[XeTeX] Hyphenated, transliterated Sanskrit.

Manuel B. flammschild at googlemail.com
Sun Nov 21 10:22:55 CET 2010

Im glad to here that there is finaly some implementation of roman
transliteration in the sanskrit hyphenation pattern. Keep up the good

While I was checking hyphen-sa.tex, I wondered two things (which are
irrelevant to Dominik's problem):

1) I saw that that all diacritics used for IAST appear in the pattern,
while some of them (for example ṛ and ṝ) are marked as "non standart
transliteration". That is OK, insofar as IAST is not a standart in the
official sense. But IAST is most commonly used and the "standart"
transliteration of vocalic r in IAST is ṛ, not r̥.

The latter belongs to the international standart transliteration of
Indic scripts, defined as ISO 15919. So if ISO 15919 has to be taken
into concern for the Sanskrit hyphenation pattern, it should be done
so completly. Which means, that for example ṁ should also be added,
and ṃ marked as "non standart transliteration", and so on.
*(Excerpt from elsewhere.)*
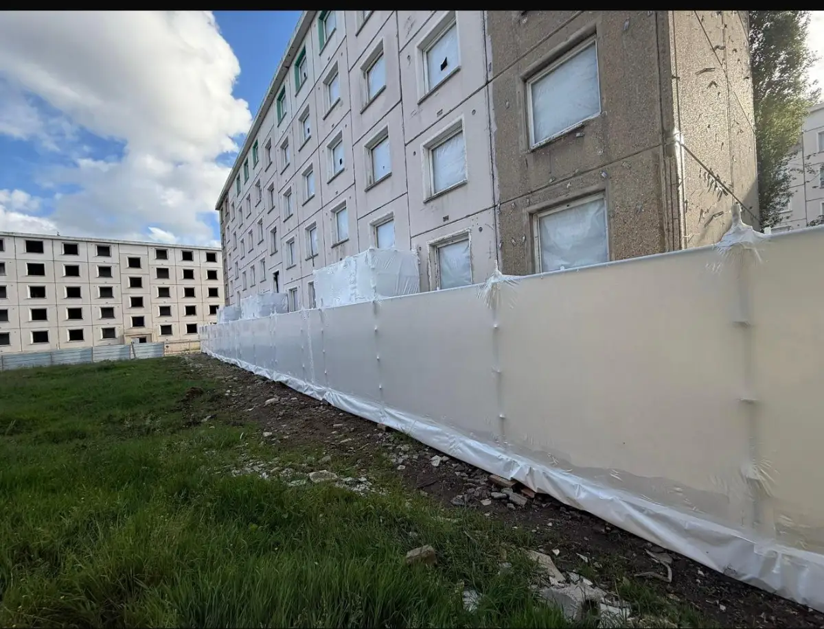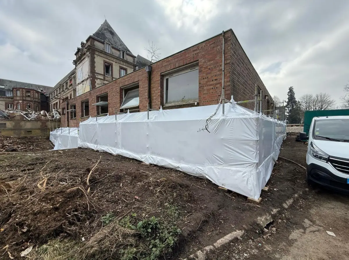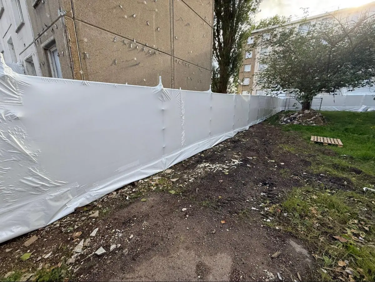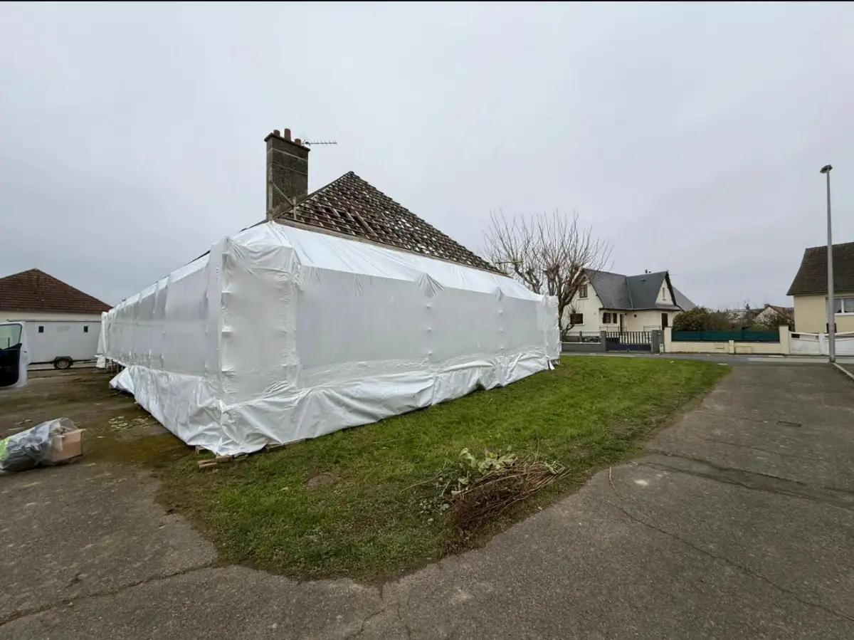 Qu'il s'agisse de créer un toit provisoire pour une rénovation lourde ou de sécuriser un retrait de matériaux dangereux, notre maîtrise du thermobâchage assure une isolation parfaite et une conformité totale aux normes environnementales.

But I don't know how far one can go here. While IAST is meant
exclusivly for Sanskrit-transliteration (I know that it's used for
Pali also, but in a slightly different way), ISO 15919 contains far
more diacritics, than are needed for the transliteration of Sanskrit.
It's rather meant as a transliteration of many or most Indian
languages. Should it be duplicated then in every hyphenation pattern
of every language in question?

2) That might be a stupid question, but aren't hyphennation patterns
for most Abugida-scripts more or less the same? That means the
hyphennation is rather script dependend, than language dependend. Lots
of hyphennation patterns have to be duplicated, if they are ordered by
language. While one could have a hyphen-indic.tex instead.

Have a nice weekend!

2010/11/21 Dominik Wujastyk <wujastyk at gmail.com>:
> That's extremely helpful!  Thank you, Arthur.
> I've upped the first argument of hyphenmins to 2, which helps a lot for
> romanisation, but may make the Nagari breaks more difficult.  I suppose it's
> not reasonable to assume that hyphenation parameters will be the same across
> different scripts.
> Best,
> Dominik
> On 20 November 2010 22:12, Arthur Reutenauer
> <arthur.reutenauer at normalesup.org> wrote:
>> > I'm really not sure what I'm getting as a result. It looks as if it's
>> > roman
>> > script being hyphenated as if it were Devanagari. The initial a- of
>> > several
>> > words, like arhasi, gets separated (a-rhasi), which might just about
>> > look
>> > okay in Nagari, but not in romanisation. Am I actually getting the right
>> > thing
>>  You're indeed getting what the patterns say.  From what I read in
>> hyph-sa.tex, the patterns allow breaks after any vowel (but not inside
>> diphthongs), and forbids them before final consonants or consonant
>> clusters; and that's about it.  It's certainly a debatable choice, but
>> it does seem like the patterns really aim at mimicking the way (say)
>> Sanskrit written using Devanagari is hyphenated.  You would have to take
>> this up with Yves.
>> > Why do I have to pretend that this is Devanagari (\devanagarifont)?
>>  This is by design in polyglossia (see gloss-sanskrit.ldf).  You would
>> have to take this up with François.  (And I'm the one responsible for
>> integrating hyph-sa.tex into hyph-utf8.  Why does it seem like there is
>> a French mafia around Sanskrit support in XeTeX? ;-)
>>        Arthur